On the other hand, you can say _conseguiria levar-te *a* pensar_  or _conseguiria fazer-te pensar_ 
but not _enganar-te (a) pensar

_


----------



## GamblingCamel

Tenho a sensação que sempre que consigo *engana-lo e faze-lo beber* um biberon de leite simples, ele fica com diarreia ou fezes liquidas, com gases e mal disposto do estomago. será normal?

Um policial disse que a tática para que Dão não resistisse à prisão foi *enganá-lo, fazendo-o pensar *que haveria algum tipo de acordo para deixá-lo livre.


----------



## breezeofwater

Aqui vai uma sugestão, mas talvez tu prefiras PTB? 
Os amigos brasileiros já disseram tudo!!

 Tenho a certeza que eu poderia fazer com que acreditasses que um copo de sumo de uva e lima é um bom vinho!

Portugal: limão é o amerelo e lima é a verdinha

BW


----------



## machadinho

breezeofwater said:


> Portugal: limão é o amerelo e lima é a verdinha


Que cores brasileiras, Breeze! Gostei.

Só para evitar confusão:
Brasil: limão é verdinho, e o limão siciliano é amerelo.


----------



## marta12

Para maior confusão, já existem limas amarelas em Portugal, importadas claro.


----------



## breezeofwater

machadinho said:


> Que cores brasileiras, Breeze! Gostei.
> 
> Só para evitar confusão:
> Brasil: limão é verdinho, e o limão siciliano é amerelo.

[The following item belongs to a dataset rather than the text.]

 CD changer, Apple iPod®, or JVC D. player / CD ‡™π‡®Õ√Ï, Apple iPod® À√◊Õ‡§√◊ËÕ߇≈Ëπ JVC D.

Oh là là!! Que confusão!  Vida de lusófonos não é fácil! kkk
*Lima fruto:* 

BW


----------



## Roberto da Mata

GamblingCamel said:


> I'm sure that I could trick you into thinking that a glass of white grape juice and lime is a good wine.
> 
> Com certeza poderia enganar você pensar que uma mistura de suco de uva branca e lima é um bom vinho.
> 
> What do you think, foreros?




Tenho certeza de que te faria pensar que um copo de...


----------



## GamblingCamel

Roberto da Mata said:


> Tenho certeza de que te faria pensar que um copo de...

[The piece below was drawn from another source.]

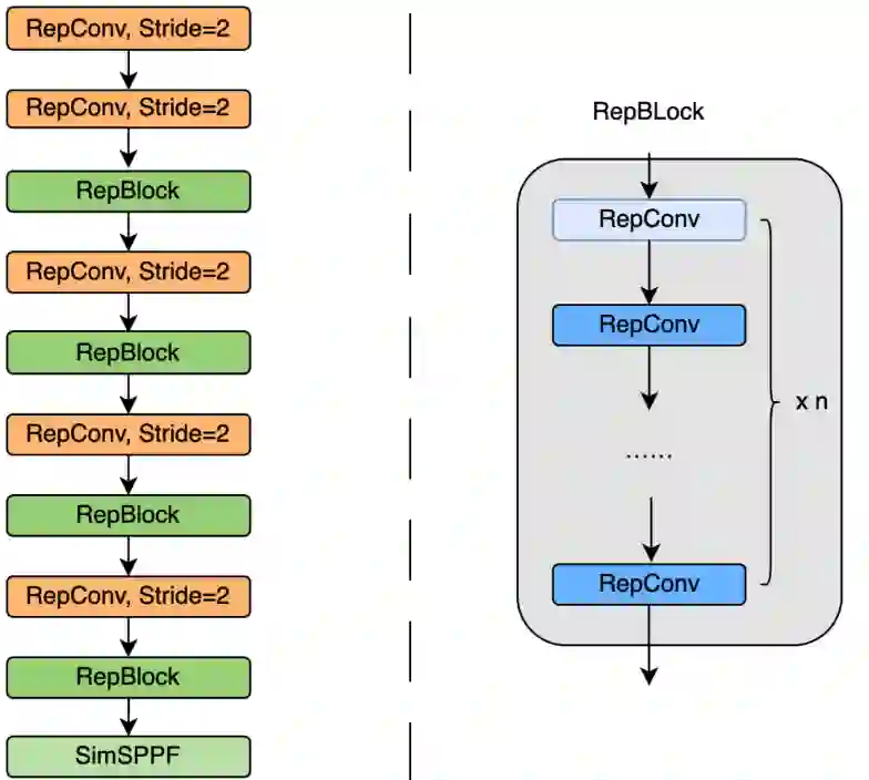 EfficientRep Backbone:在 Backbone 设计方面,我们基于以上 Rep 算子设计了一个高效的 Backbone。相比于 YOLOv5 采用的 CSP-Backbone,该 Backbone 能够高效利用硬件(如 GPU)算力的同时,还具有较强的表征能力。下图 4 为 EfficientRep Backbone 具体设计结构图,我们将 Backbone 中 stride=2 的普通 Conv 层替换成了 stride=2 的 RepConv 层。同时,将原始的 CSP-Block 都重新设计为 RepBlock,其中 RepBlock 的第一个 RepConv 会做 channel 维度的变换和对齐。另外,我们还将原始的 SPPF 优化设计为更加高效的 SimSPPF。

Welcome to the Forum, Roberto.

You, Ana (Br-Pt), and E.Mania (Eu-Pt) all used "tenho certeza DE que ..." but according to this thread, it seems that some PT speakers omit the DE.


----------



## Joca

Pensei no verbo "engambelar", pouco usado, mas parece bem útil aqui:

I'm sure that I could trick you into thinking that a glass of white grape juice and lime is a good wine.

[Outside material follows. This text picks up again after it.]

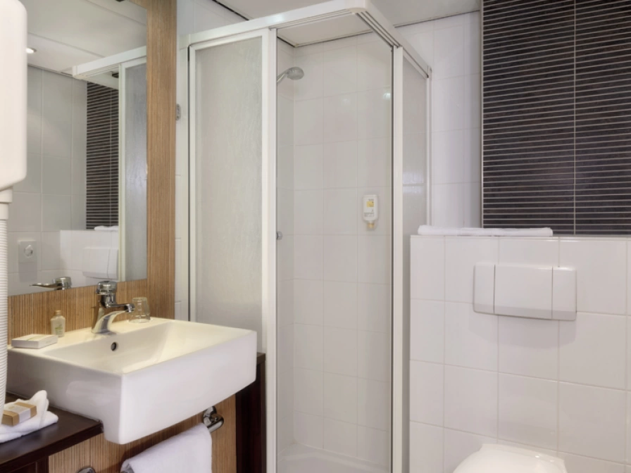 De knusse eenpersoonskamer heeft een eenpersoons boxspringbed (120x200) en een tv. Een koelkast en Nespresso zijn aanwezig. De badkamer heeft een douche, wastafel en toilet.

_Tenho certeza de que poderia te engambelar dizendo que um copo de suco de uva branca e lima é um bom vinho._


----------



## Roberto da Mata

Hello Gambling Camel,

Both 'certeza que' and 'certeza de que' are possible, but the first case is standard portuguese, since "quando se tem certeza, tem-se certeza DE algo". Then the particle "de" must be used also when introducing the next clause. But it is true that Brazilian speakers tend to skip the some particles.


----------



## Roberto da Mata

Roberto da Mata said:


> Hello Gambling Camel,
> Please, reconsider myu last post... certeza de que is standard portuguese: see my retification below...
> Both 'certeza que' and 'certeza de que' are possible, but the first case is non-standard portuguese, since "quando se tem certeza, tem-se certeza DE algo". Then the particle "de" must be used also when introducing the next clause. But it is true that Brazilian speakers tend to skip the some particles.


----------



## breezeofwater

GamblingCamel said:


> Welcome to the Forum, Roberto.
> 
> You, Ana (Br-Pt), and E.Mania (Eu-Pt) all used "tenho certeza DE que ..." but according to this thread, it seems that some PT speakers omit the DE.


Well pointed GC !
I would rather say simply que but we can also say de que in Portugal.
It’s hard to explain why though…
It sounds somewhat redundant to me, but not disturbing really.
BW


----------



## breezeofwater

Joca said:


> Pensei no verbo "engambelar", pouco usado, mas parece bem útil aqui:
> 
> I'm sure that I could trick you into thinking that a glass of white grape juice and lime is a good wine.
> 
> _Tenho certeza de que poderia te engambelar dizendo que um copo de suco de uva branca e lima é um bom vinho._


Joca, a palavra tem mesmo o -m? Não é engabelar?
BW


----------



## GamblingCamel

Joca said:


> Pensei no verbo "engambelar", pouco usado, mas parece bem útil aqui.



A cartoon from an article about the food industry tricking consumers.

"Querem engambelar a quem????
O leite materno, vejam bem, leite que brota dos seios de uma mulher, já sai contaminado dos agrotóxicos que a Syngenta (e outras mais) vende."


----------



## Joca

breezeofwater said:


> Joca, a palavra tem mesmo o -m? Não é engabelar?
> BW


 
Vou-te responder com outra pergunta:

Não seriam as duas formas corre(c)tas?


----------



## englishmania

A forma correcta é "de que". 
A coisa de que mais gosto. (gostar _de alguma coisa_)
Lembrar-se _de alguma coisa_.
Ter a certeza _de alguma coisa_.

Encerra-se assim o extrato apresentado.